:: Task instructions ::
Please reproduce the lines of the records below from the one holding "Togliete la quiche" through the one holding "А вот картинка", inclusive, skipping all pictures.

:: Record excerpts ::

'''

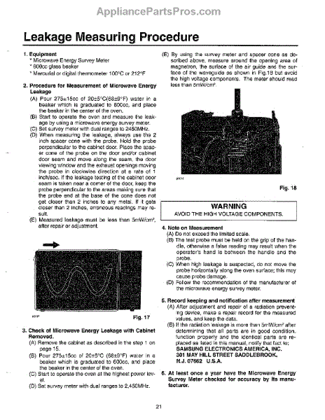 Parts for Samsung MW5620T/XAA: Leakage Measuring Procedure Parts
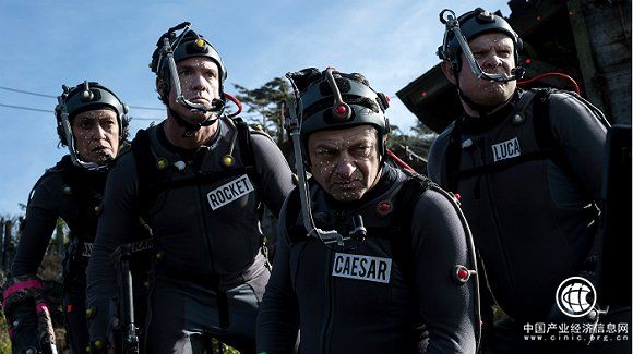 在他看来,《猩球崛起3:终极之战》最大的特色,正是动作捕捉技术在影片大部分角色中的运用,也令全片95%的镜头都需要特效处理。每一只猩猩,都是穿着工作服的演员所饰演的。工作服上分布着含有红外LED灯的硅树脂,LED灯的闪光能够被摄像机所捕捉,而且是“越亮越好,闪光时间越短越好”,这样才能捕捉得更加清楚。
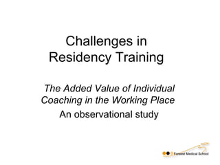 This observational study explores the efficacy of individual coaching in addressing challenges faced by residents during their training. Results indicate high satisfaction among participants, with reported improvements in job satisfaction and professional behavior. Key elements include structured coaching sessions, role-playing, and focused interventions on communication and collaboration skills.
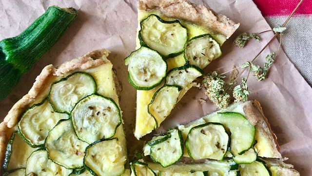 Togliete la quiche dal forno, distribuite le zucchine sulla superficie sovrapponendo leggermente le rondelle. Cospargete con origano a piacere e terminate la cottura in forno (circa 10 minuti).
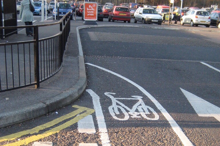А вот картинка от пользователя Flickr под ником Simon. Есть подозрение, что в мире существует альтернативное руководство по строительству велоинфраструктуры, в котором говорится, что дорожки должны утыкаться в тротуар, и никак иначе.
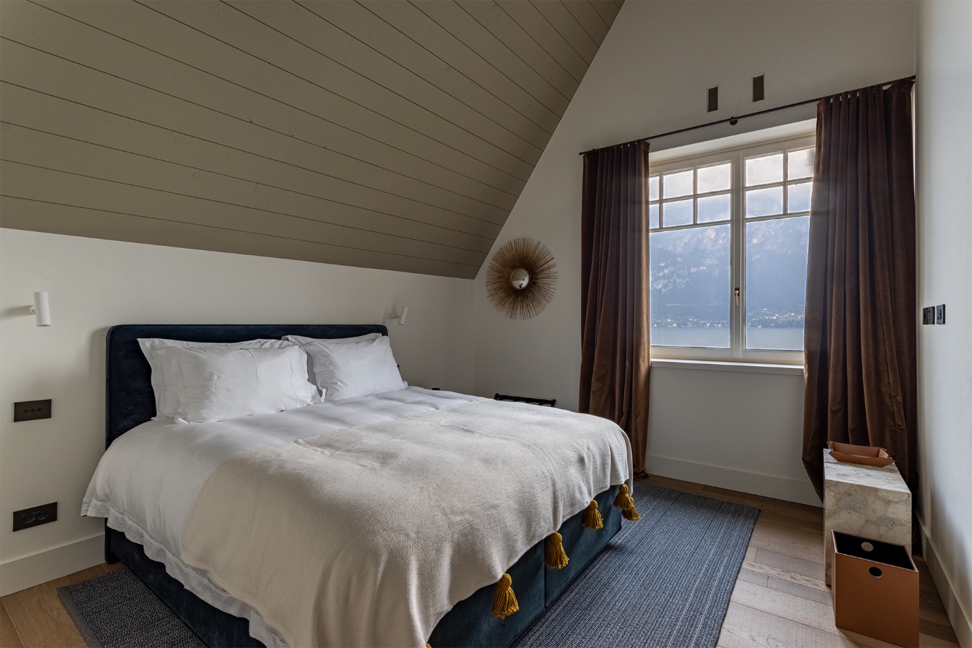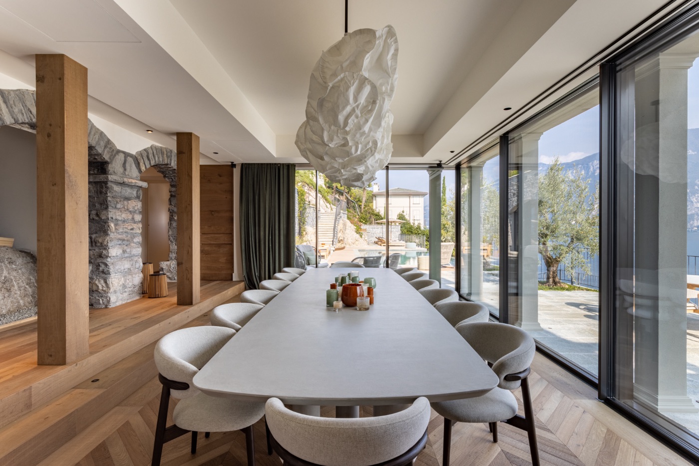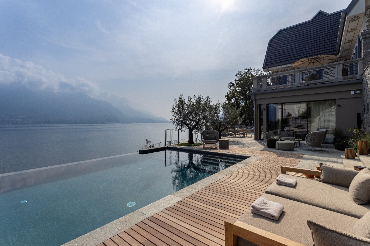 Outdoors, life flows naturally between sun and shade. The heated infinity pool appears to merge with the lake below, with plush day beds inviting long, unhurried afternoons. Multiple outdoor lounges and dining spaces are thoughtfully arranged across the terraces: a quiet corner for morning espresso, a generous table for al fresco dinners, and intimate spots for evening drinks and conversation. A private dock offers direct access to the lake’s crystal-clear waters and is the perfect starting point for boat trips to Bellagio’s iconic villages and gardens.

'''

:: Solved problem ::
 Togliete la quiche dal forno, distribuite le zucchine sulla superficie sovrapponendo leggermente le rondelle. Cospargete con origano a piacere e terminate la cottura in forno (circa 10 minuti).
А вот картинка от пользователя Flickr под ником Simon. Есть подозрение, что в мире существует альтернативное руководство по строительству велоинфраструктуры, в котором говорится, что дорожки должны утыкаться в тротуар, и никак иначе.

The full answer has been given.